▸ Data under study:
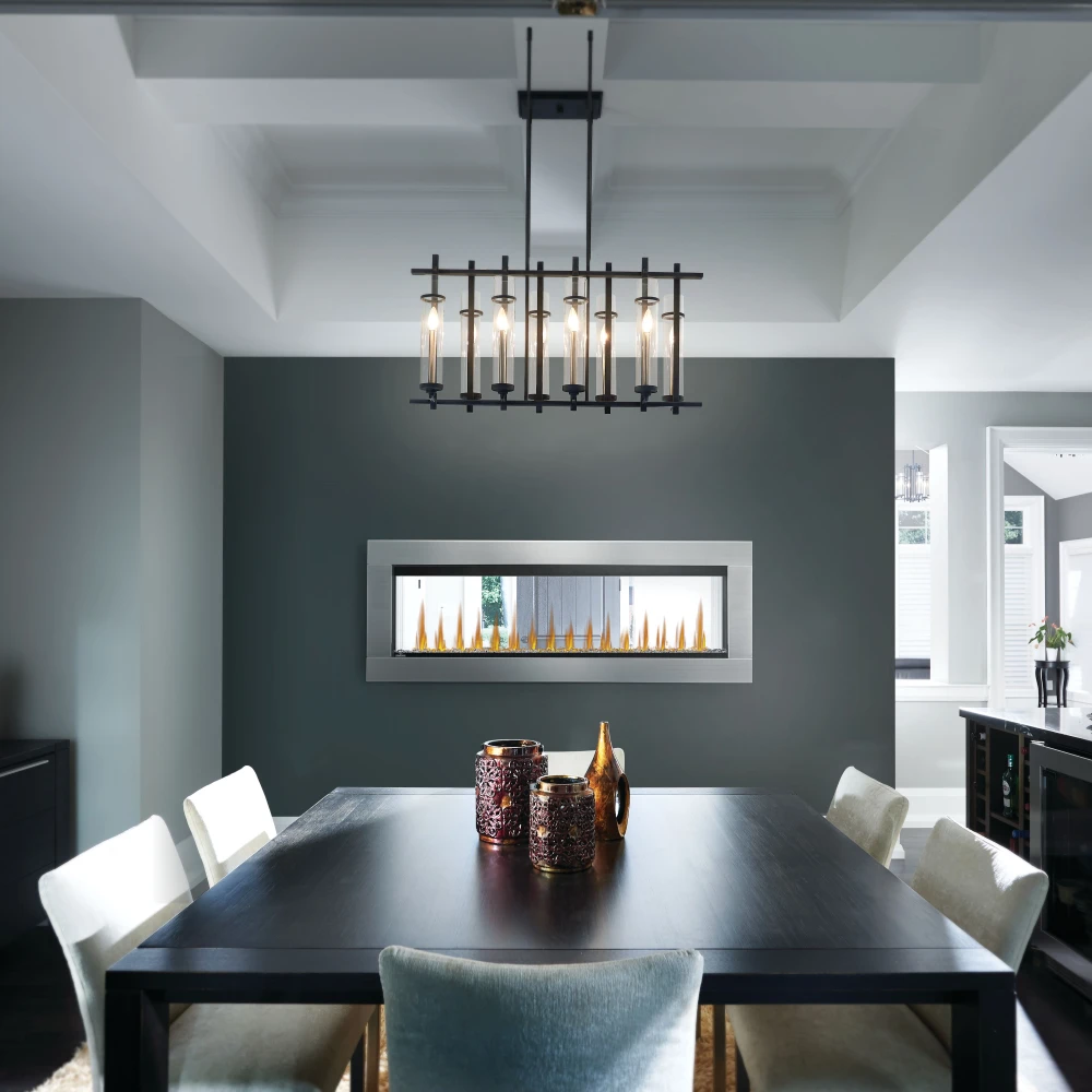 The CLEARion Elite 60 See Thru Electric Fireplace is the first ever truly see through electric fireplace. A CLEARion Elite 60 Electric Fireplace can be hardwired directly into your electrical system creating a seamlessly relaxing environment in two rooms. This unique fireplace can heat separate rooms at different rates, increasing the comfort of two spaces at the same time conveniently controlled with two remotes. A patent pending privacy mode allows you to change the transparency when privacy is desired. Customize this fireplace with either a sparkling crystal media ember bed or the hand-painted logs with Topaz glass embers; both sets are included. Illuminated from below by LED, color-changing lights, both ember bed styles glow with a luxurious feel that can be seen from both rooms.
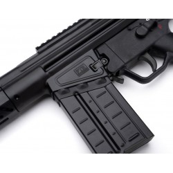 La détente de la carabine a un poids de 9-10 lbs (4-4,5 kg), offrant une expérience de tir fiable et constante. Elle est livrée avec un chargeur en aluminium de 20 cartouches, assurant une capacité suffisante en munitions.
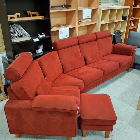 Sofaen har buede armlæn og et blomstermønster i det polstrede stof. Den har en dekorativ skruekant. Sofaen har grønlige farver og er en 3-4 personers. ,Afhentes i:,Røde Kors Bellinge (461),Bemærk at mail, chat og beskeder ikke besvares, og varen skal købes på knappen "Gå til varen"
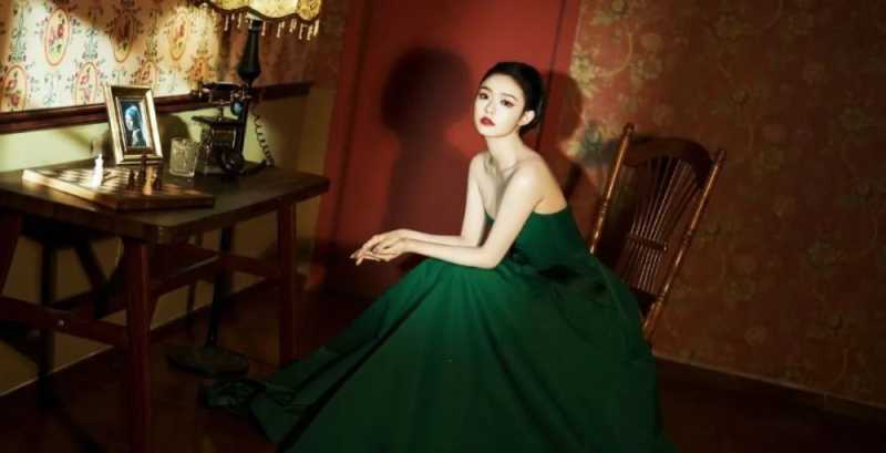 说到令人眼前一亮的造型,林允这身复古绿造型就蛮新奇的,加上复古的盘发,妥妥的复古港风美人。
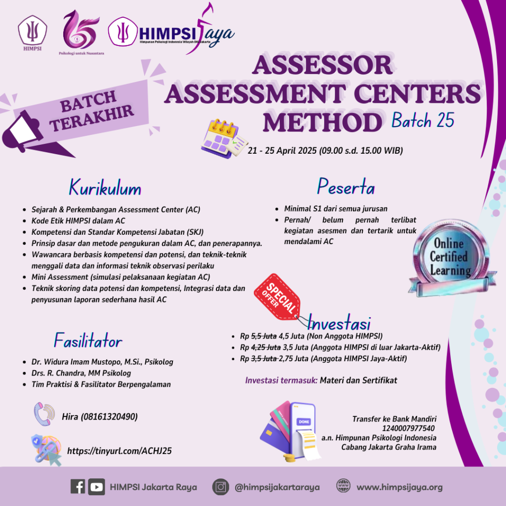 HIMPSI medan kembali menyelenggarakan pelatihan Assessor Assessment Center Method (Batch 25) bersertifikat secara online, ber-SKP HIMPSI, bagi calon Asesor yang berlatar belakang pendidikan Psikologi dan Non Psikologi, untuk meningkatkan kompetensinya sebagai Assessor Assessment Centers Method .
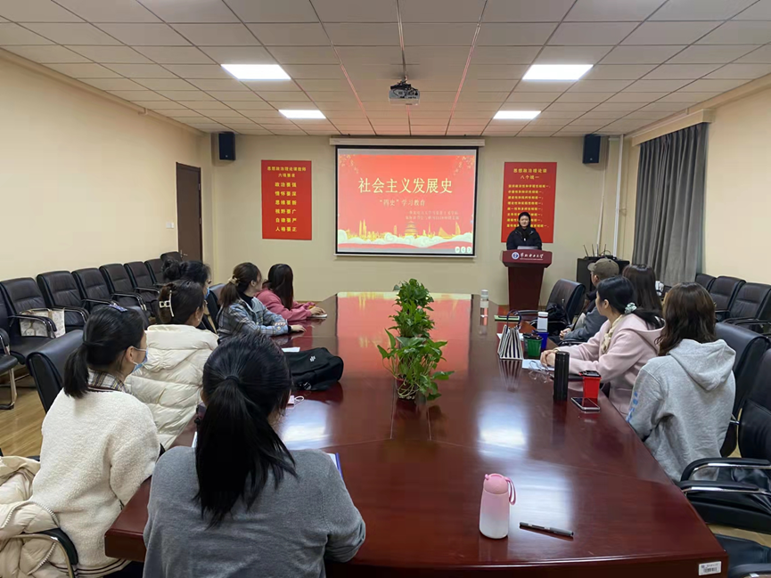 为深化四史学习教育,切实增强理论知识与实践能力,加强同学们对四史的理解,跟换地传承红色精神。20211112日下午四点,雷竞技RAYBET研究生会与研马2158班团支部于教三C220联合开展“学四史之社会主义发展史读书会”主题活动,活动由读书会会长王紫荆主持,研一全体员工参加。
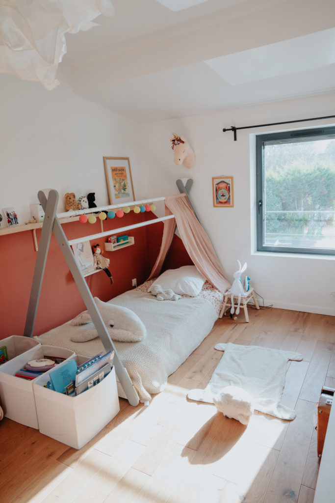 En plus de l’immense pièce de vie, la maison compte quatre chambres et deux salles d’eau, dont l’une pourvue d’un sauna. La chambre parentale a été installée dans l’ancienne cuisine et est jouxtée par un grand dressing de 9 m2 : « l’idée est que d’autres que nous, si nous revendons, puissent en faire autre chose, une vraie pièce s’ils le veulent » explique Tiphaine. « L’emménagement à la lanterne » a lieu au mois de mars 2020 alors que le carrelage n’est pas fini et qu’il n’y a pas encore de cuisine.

▸ Problem requirements: The lines above from the line with "La détente de" through the line with "说到令人眼前一亮的造型,林允" are to be given again word for word, with no pictures among them.

▸ Result of this task:
 La détente de la carabine a un poids de 9-10 lbs (4-4,5 kg), offrant une expérience de tir fiable et constante. Elle est livrée avec un chargeur en aluminium de 20 cartouches, assurant une capacité suffisante en munitions.
 Sofaen har buede armlæn og et blomstermønster i det polstrede stof. Den har en dekorativ skruekant. Sofaen har grønlige farver og er en 3-4 personers. ,Afhentes i:,Røde Kors Bellinge (461),Bemærk at mail, chat og beskeder ikke besvares, og varen skal købes på knappen "Gå til varen"
 说到令人眼前一亮的造型,林允这身复古绿造型就蛮新奇的,加上复古的盘发,妥妥的复古港风美人。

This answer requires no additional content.